Вдруг Илья хмыкнул. У невозмутимого охотника это означало крайнюю степень удивления. Он потянулся за биноклем и прильнул к окулярам.
Я удивился. Дальнозоркий старик редко пользовался биноклем, предпочитая разглядывать дальние предметы из-под ладони.
— Тьфу, пропасть! Зачем, анафема, тут стоит? Совсем дальний место… — говорил Илья, не отрываясь от бинокля.
— Сохатого, старина, увидел, а? — усмехнулся Костя.
Он разлегся на пушистом ковре ягельников около Геутваль, с наслаждением покуривая обгорелую трубочку.
— Гык! Русская дом, однако… — растерянно моргая покрасневшими веками, сказал старик.
— Дом?!
Эвен плохо говорил по-русски и, видно, перепутал слово. Ближайшее поселение находилось в трехстах километрах ниже, почти у самого устья Анюя, и тут, в неизведанных его верховьях, не могло быть никакого дома.
— А ну, дай-ка! — взял бинокль Костя.
— Зачем не туда смотришь? Вон пестрый распадок… Видела?! Совсем густой деревья — дом маленький притаился…
— Ну и номер! Всамделишная изба стоит. Посмотри… — Костя протянул мне “цейс”.
Действительно, в глубоком боковом распадке среди вековых лиственниц приютилась крошечная бревенчатая избушка. Она стояла в укрытом месте — с реки не заметишь. Ее можно было обнаружить лишь в бинокль с высоты горного кряжа.
В сильные восьмикратные линзы я различил обтесанные бревна, темные оконца, прикрытую дверь, груду каких-то вещей на плоской крыше.

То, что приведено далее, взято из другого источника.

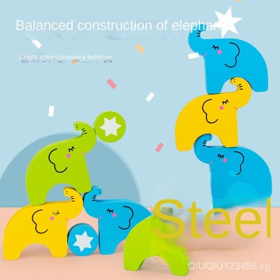Children's wooden stacked high building blocks elephant balance stacked music educational

Кто же поселился в этих диких местах?
— Однако, русский люди строила… — ответил на мои мысли Илья. — Ламут, юкагир, чукча в чуме, в шалаше, в яранге кочевала.
Геутваль потянулась за биноклем и с любопытством стала разглядывать невиданное жилище. Русская избушка в глубине безлюдного Анадырского края поразила нас.

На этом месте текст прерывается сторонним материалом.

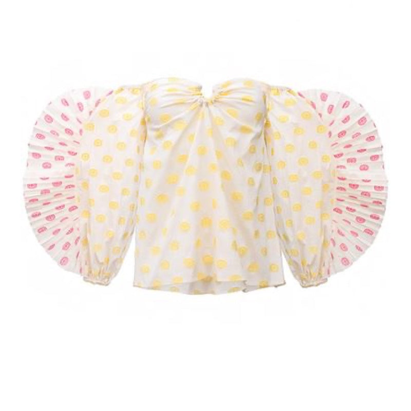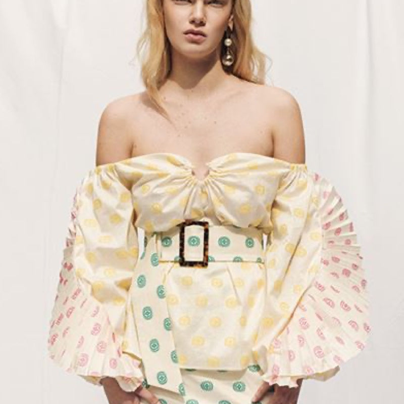 Jacquard Top with buff sleeves & pleated Decor with belt

Посоветовавшись, мы решили тотчас двигаться в распадок к одинокой хижине. Идти к Анюю все равно было нужно. Оленьи стада остались на попечении Ромула у Дальнего перевала. Костя и Геутваль провожали меня, я же собирался спуститься на плоту по Анюю к Нижне-Колымской крепости (так величали колымчане Нижне-Колымск), а оттуда добираться с отчетом в Магадан.
Костя считал, что избушку в этой дьявольской глуши построил недобрый человек и надо быть готовыми ко всему. Он прибавил патронов в девятизарядный магазин винчестера и заявил, что берет на себя “лобовой удар” — спуск прямо к хижине, с сопки.

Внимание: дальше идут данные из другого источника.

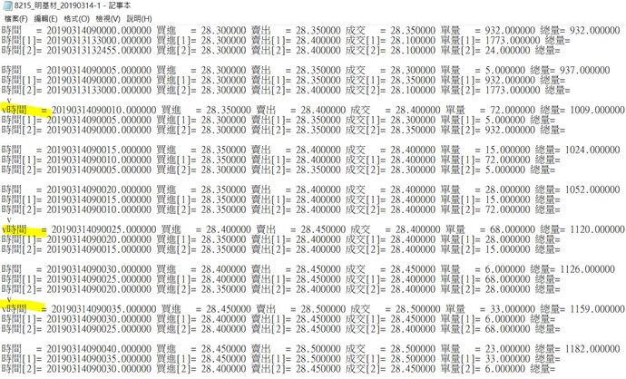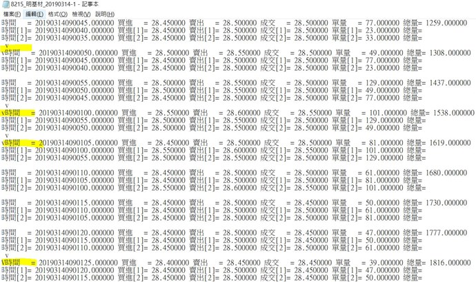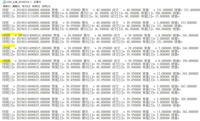 隨機檢查兩支股號開盤前一分鐘的資料,

— На мушку удобнее брать сверху, я у вас вроде артиллерийской батареи буду.
— Я с тобой пойду, — заявила Геутваль, — твоим “подмышечным” буду, как Илья на сопке с каменной вершиной.
— Ну и дьяволенок! — махнул рукой Костя. — Ладно, идем…
Мы с Ильей но этой диспозиции совершали обходный маневр — спускались с вьючными оленями в долину Анюя и запирали выход из распадка.
В долине мы оказались быстро. Где-то рядом, в камнях, посвистывали пищухи, у болотца, распушив синеватые перышки, наскакивали друг на друга турухтаны. Они не замечали людей.
— Кыш, кыш… совсем ум теряла, лиса ловить будет, — взмахнул посохом Илья.
Анюй, сделав излучину, вплотную прижимался к распадку, где скрывалась избушка. Река, пропуская воды недавних дождей, вздулась, взгорбилась пенными валами и несла мутные струи вровень с берегами.
Быстрота течения смутила меня. Но Илья, посмотрев на взбаламученный поток, удовлетворенно чмокнул:
— Совсем большая вода. Плот мино делать будем, быстро поедем.
Плыть по Анюю я решил вместе с Ильей. Старик предлагал связать треугольный юкагирский плот — мино. На таких плотах юкагиры благополучно спускались по неспокойным колымским рекам.
Оглушительный выстрел гулко раскатился в горах.